3. Gives meaning to life and the world, Journaling Helps You Build Self-Confidence
The subsequent rereading of the notes in a diary allows when seeing the facts with the perspective that time gives, understanding them differently, and providing them with a “new meaning,” as Kohan says. “When I read what I wrote in the past – noted the Argentine writer Ricardo Piglia, alluding to his own diary – I find blocks of experience, and only reading allows me to reconstruct a story that moves through time. What happens is understood later”.
4. Contributes to memory, Journaling Helps You Build Self-Confidence
The diary becomes a repository of memories, a kind of time capsule, and a trunk to store stories to save them from oblivion. It is a way of preserving the “first version” of the facts.
On many occasions, memories are distorted over time. Some elements are forgotten, and others added that were not really there; journaling is one way around this. And something also happens that Kohan highlights: “What is recorded, what is written, I do not recognize it, I do not remember it; what is evoked, what I remember clearly, is not there.”
5. Stimulates creativity, Journaling Helps You Build Self-Confidence
These mental processes also stimulate creativity, since narrating one’s life and seeing it from other perspectives brings out new and unexpected ideas. In addition, the diary offers many other possibilities: making lists (likes, desires, fears, books to read, places where you want to travel, etc.), drawing on its pages, taking it with you to write ideas that arise at the moment and that, if they don’t sign up, they are forgotten.
If the diary is digital – in the form of a blog or on a social network – photos, videos, music, and many other resources can be added.
“If I had stopped to think, I would never have written it,” noted British writer, Virginia Woolf, referring to her diary.
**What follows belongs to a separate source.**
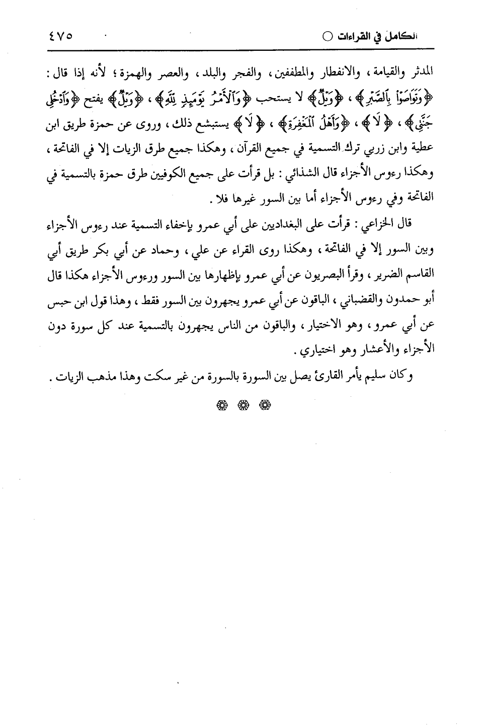 المدثر والقيامة، والانفطار والمطففين، والفجر والبلد، والعصر والهمزة؛ لأنه إذا قال: (وَتَوَاصَوْا بِالصَّبْرِ)، (وَيْلٌ) لا يستحب (وَالْأَمْرُ يَوْمَئِذٍ لِلَّهِ)، (وَيْلٌ) يفتح (وَادْخُلِي جَنَّتِي)، (لَا)، (وَأَهْلُ الْمَغْفِرَةِ)، (لَا) يستبشع ذلك، وروى عن حَمْزَة طريق ابن عطية وابن زربي ترك التسمية في جميع القرآن، وهكذا جميع طرق الزَّيَّات إلا في الفاتحة، وهكذا رءوس الأجزاء قال الشَّذَائِيّ: بل قرأت على جميع الكوفيين طرق حَمْزَة بالتسمية في الفاتحة وفي رءوس الأجزاء أما بين السور غيرها فلا.

However, he added: “The advantage of the method is that it accidentally spreads ramblings that I would have excluded had I stopped, but which are diamonds in the middle of the garbage can.”
6. Improves emotional and physical health, Journaling Helps You Build Self-Confidence
Several studies have shown that expressive narrative writing -which is the predominant one in a journal- provides benefits for both the emotional and physical health of those who practice it. It allows, among other things, to better go through painful or traumatic experiences. Less stress, less cardiovascular damage after a divorce, and fewer symptoms in patients with asthma and rheumatoid arthritis are some of the proven effects.
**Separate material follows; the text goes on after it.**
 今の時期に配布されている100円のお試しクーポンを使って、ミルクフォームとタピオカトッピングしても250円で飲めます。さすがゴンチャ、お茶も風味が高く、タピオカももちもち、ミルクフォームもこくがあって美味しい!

7. It is a tool to make better decisions, Journaling Helps You Build Self-Confidence
It is an almost logical consequence of what has been listed so far: after organizing thought, promoting self-knowledge and memory, making sense of the world and life itself, and stimulating creativity, it is much easier and more likely than decisions that are taken are the most convenient and correct for one’s life.
The American writer Susan Sontag noted: “In the newspaper, I not only express myself more openly than I could to anyone else; I believe myself.” The decisions that are made, through writing the journal, are precisely part of that creation.Every time we think about writing a journal, an image of adolescence comes to us, of frustrated loves and thousands of emotions captured in notebooks with padlocks that years later will be read with nostalgia.
We want you to know the advantages that you can get by creating the habit of writing a journal. You can know yourself better and develop your emotions to become the person you really want to be.
Leave a Reply
Want to join the discussion?Feel free to contribute!